Может быть, сострадательный одиночка и воплощает собой требование всеобщего, заставуляющее жить сострадая вопреки общепринятому, вопреки природе и обществу, ему в том отказывающим. Но единство со всеобщим как с внутренним, осуществляемое одиночкой, оказывается по слабости его самого обманчивым. Не кротость, но ограниченность сострадания делает его сомнительным, его всегда недостаточно. Подобно тому, как стоическая апатия, с которой буржуазная холодность, эта полная противоположность состраданию, хранит убогую преданность всеобщему, от которого она отреклась, более, нежели соучаствующая в нём община, адаптировавшаяся к мирозданию, разоблачители сострадания негативно признают себя сторонниками революции. Нарциссические деформации сострадания, такие как энтузиазм филантропа и моральное удовлетворение работника сферы социального обеспечения суть не что иное, как глубоко прочувствованная констатация различия между бедным и богатым. Правда, непредусмотрительно проговорившись о пристрастии к жестокости, философия сделала её доступной тем, кто менее всего был способен извинить ей это признание.
Фашистскими хозяевами мира чувство отвращения к состраданию было преобразовано в чувство отвращения к политической терпимости и в воззвание о введении чрезвычайного положения, в чём они сошлись с Шопенгауэром, метафизиком сострадания. Последний считал надежду на обустройство человечества самонадеянным безрассудством того, кому не остаётся более надеяться ни на что, кроме несчастья. Противники сострадания не пожелали отождествить человека с несчастьем. Существование несчастья было для них позором. Их деликатное бессилие не могло стерпеть того, чтобы по отношению к человеку была выказана жалость. С отчаяния переключились они на восхваление власти, от которой они, тем не менее, на практике всегда отмежевывались там, где мостили для неё пути.
Доброта и благожелательность становятся грехом, господство и угнетение — добродетелью. «Все хорошее было некогда дурным; каждым первородным грехом была порождена первородная добродетель». [155] К этому самым серьёзным образом относится Жюльетта и в эпоху Нового времени, ей впервые совершенно сознательно осуществляется тут переоценка ценностей. После того, как все идеологии были уничтожены, возводит она то, что христианством в идеологии, но не всегда на практике, считалось чудовищным, в принцип собственной морали. Как истинный философ остаётся она при этом холодной и рефлектирующей. Всё происходит без иллюзий. На Поскольку мы не верим в Бога, моя дорогая, сказала я ей, те осквернения святынь, которых ты алчешь, являются не предложение Клэрвил совершить святотатство она отвечает: «чем иным, как совершенно бесполезным ребячеством… Вероятно я ещё более тверда чем ты; мой атеизм достиг апогея. Поэтому не воображай, что я нуждаюсь в тех ребячествах, которые ты мне предлагаешь, чтобы утвердиться в нём; я сделаю это, потому что тебе они доставляют удовольствие, но только для забавы» — американская убийца Энни Генри сказала бы just for fun — «и никогда не сделаю это в качестве чего-то необходимого, будь то для того, чтобы упрочить мой образ мыслей, будь то для того, чтобы убедить в нём других».[156]

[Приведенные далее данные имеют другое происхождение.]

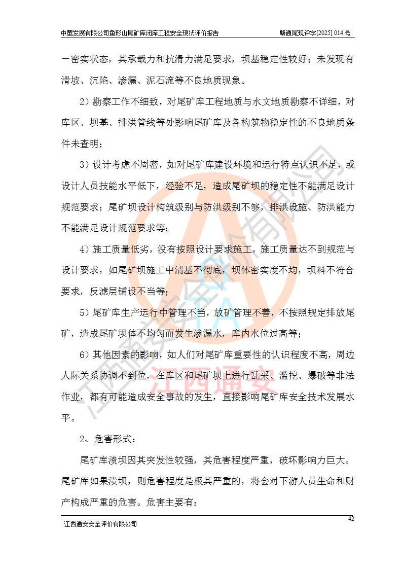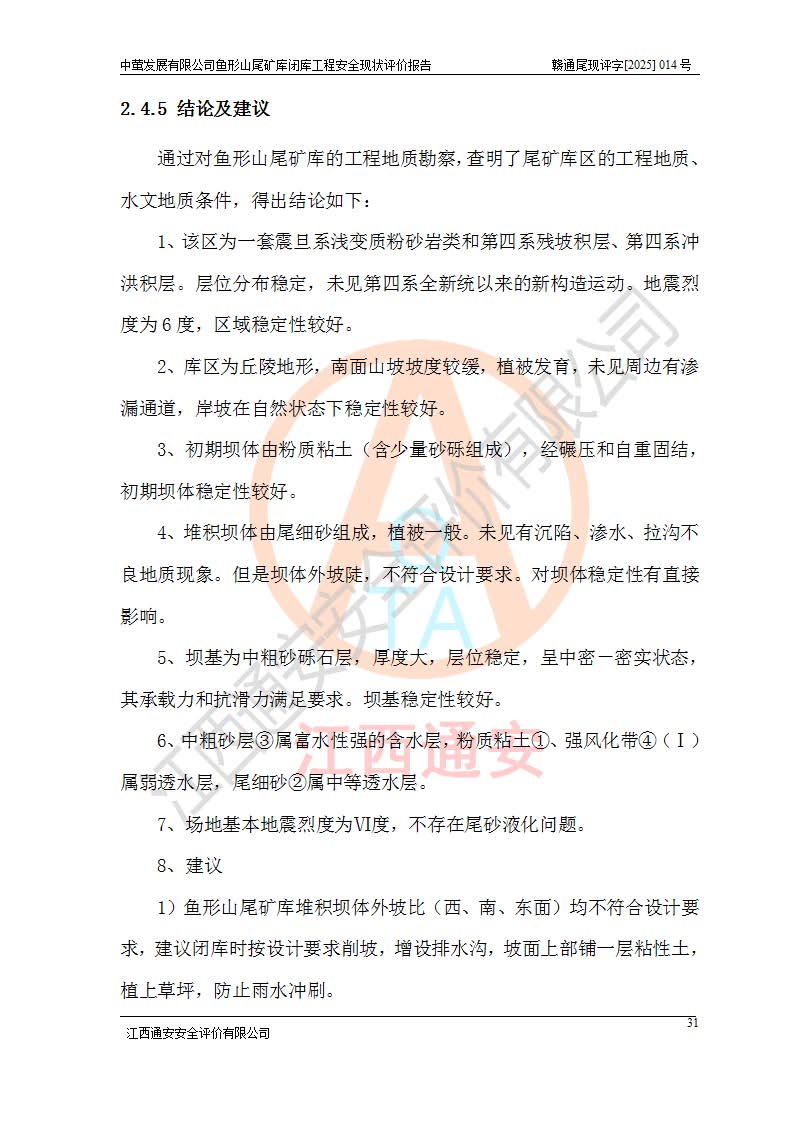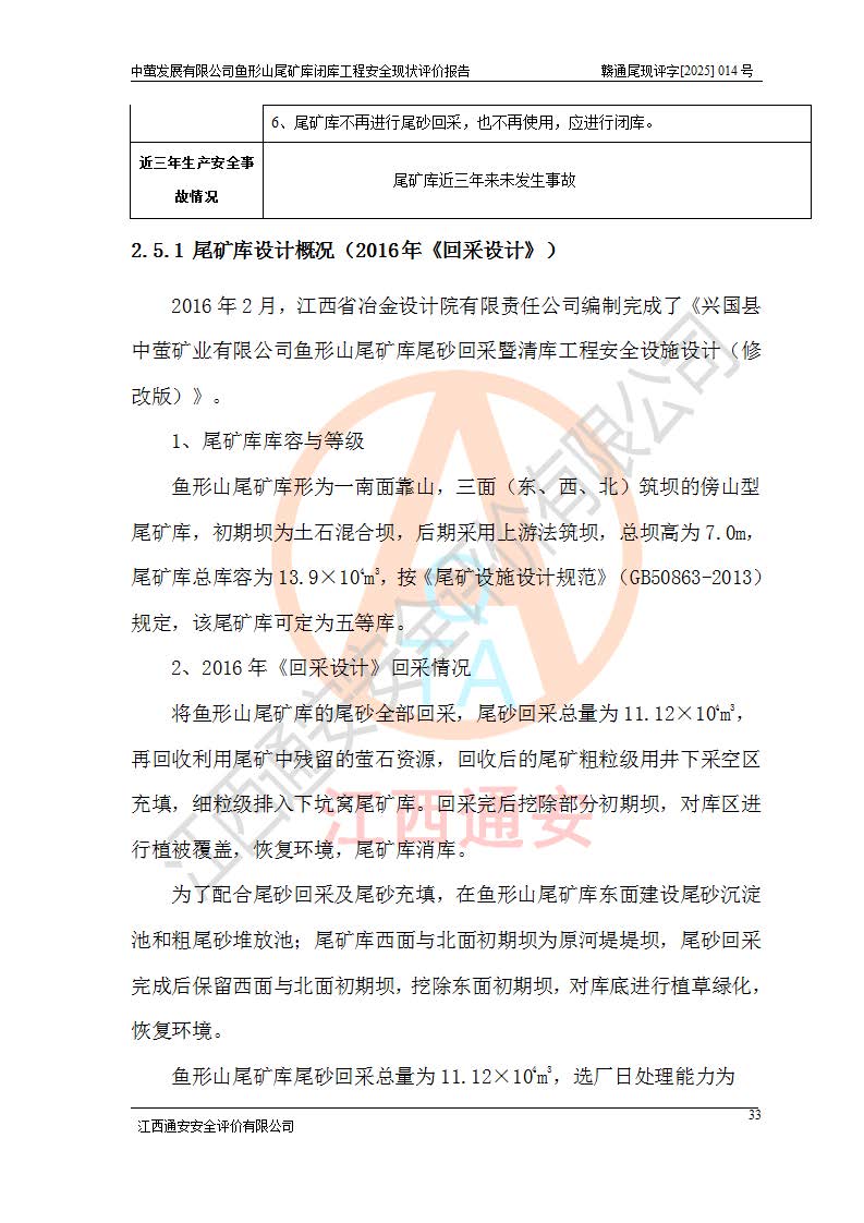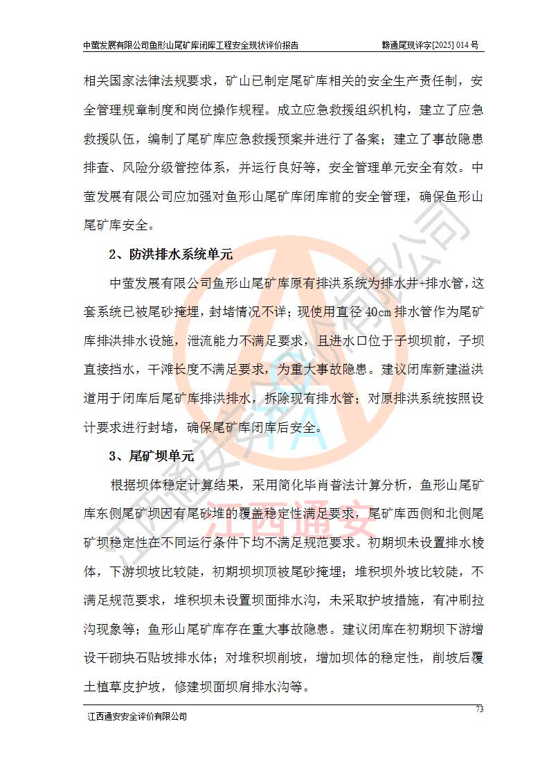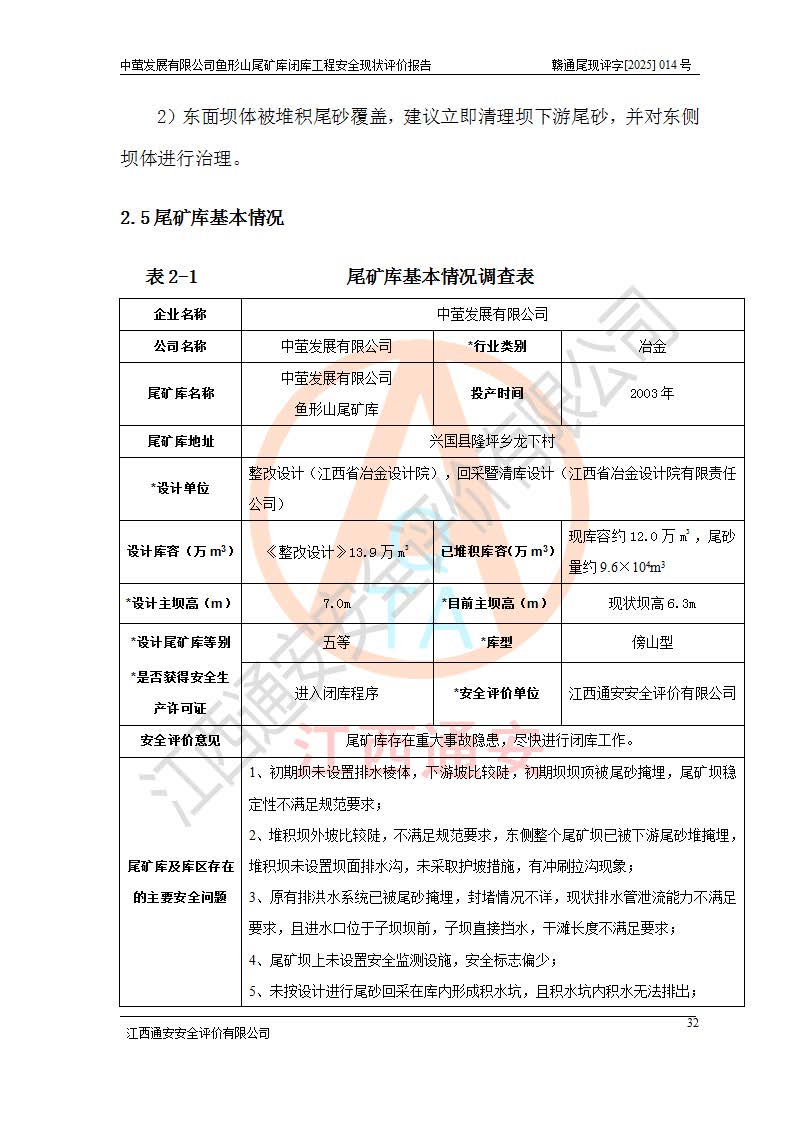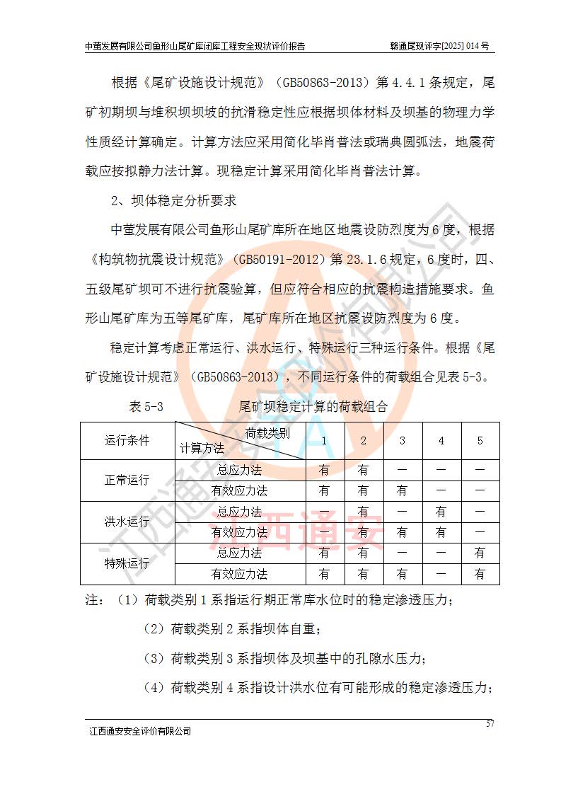 存在的問題: 1、初期壩未設(shè)置排水棱體,下游坡比較陡,初期壩壩頂被尾砂掩埋,尾礦壩穩(wěn)定性不滿足規(guī)范要求; 2、堆積壩外坡比較陡,不滿足規(guī)范要求,東側(cè)整個尾礦壩已被下游尾砂堆掩埋,堆積壩未設(shè)置壩面排水溝,未采取護(hù)坡措施,有沖刷拉溝現(xiàn)象; 3、原有排洪水系統(tǒng)已被尾砂掩埋,封堵情況不詳,現(xiàn)狀排水管泄流能力不滿足要求,且進(jìn)水口位于子壩壩前,子壩直接擋水,干灘長度不滿足要求; 4、尾礦壩上未設(shè)置安全監(jiān)測設(shè)施,安全標(biāo)志偏少; 5、未按設(shè)計進(jìn)行尾砂回采,在庫內(nèi)形成積水坑,且積水坑內(nèi)積水無法排出; 6、尾礦庫不再進(jìn)行尾砂回采,也不再使用,應(yīng)進(jìn)行閉庫。 整改措施: 1、在初期壩下游增設(shè)干砌塊石貼坡排水體,增加壩體穩(wěn)定性,在北側(cè)和東側(cè)初期壩壩腳增設(shè)壩腳排水溝。 2、對堆積壩削坡,增加壩體的穩(wěn)定性,削坡后覆土植草皮護(hù)坡,修建壩面壩肩排水溝。 3、新建溢洪道用于閉庫后尾礦庫排洪排水,拆除現(xiàn)有排水管;對原排洪系統(tǒng)進(jìn)行封堵。 4、閉庫時在尾礦壩上增設(shè)安全監(jiān)測設(shè)施,增設(shè)安全標(biāo)志。 5、對庫內(nèi)積水坑進(jìn)行平整。 6、應(yīng)進(jìn)行閉庫,整治尾礦庫庫內(nèi)干灘面,為防止干灘面水土流失,覆土植草,覆土范圍為整個庫區(qū)范圍。在庫內(nèi)干灘面設(shè)置庫面排水溝,截洪溝、新建溢洪道,形成庫內(nèi)排水網(wǎng),能**的將庫內(nèi)雨水排至庫外。 |

Просияв от эфемерное любезности по отношению к сообщнице, она позволяет взять верх своим принципам. Беззаконие, ненависть, разрушение становятся даже функциональными после того, как из-за формализации разума все цели, в качестве иллюзий, утрачивают характер необходимых и объективных. Чары превращаются в просто действие, средство, короче — в индустрию. Формализация разума является попросту интеллектуальным выражением машинизированного способа производства.
Средство фетишизируется: им поглощается стремление. Подобно тому, как в теории Просвещение превращает в иллюзии те цели, которыми украшало себя господство прежних времён, оно лишает его, благодаря возможности изобилия, и практического основания. Господство выживает как самоцель в форме экономической власти. Наслаждение уже обнаруживает признаки чего-то устаревшего и несущественного, подобно метафизике, его запрещавшей. Жюльетта говорит о мотивах преступления. [157] Она сама ничуть не менее честолюбива и корыстолюбива, чем её друг Сбригани, но она обоготворяет запретное. Сбригани, этот человек средства и долга, является более передовым. «Обогащаться, вот о чём идёт речь, и мы оказываемся в высшей степени виновными, когда не достигаем этой цели; только тогда, когда уже находишься на верном пути к тому, чтобы стать богатым, можно позволить себе пожинать удовольствия: до тех пор следует забыть о них». При всём своём рациональном превосходстве Жюльетта продолжает оставаться в чём-то суеверной.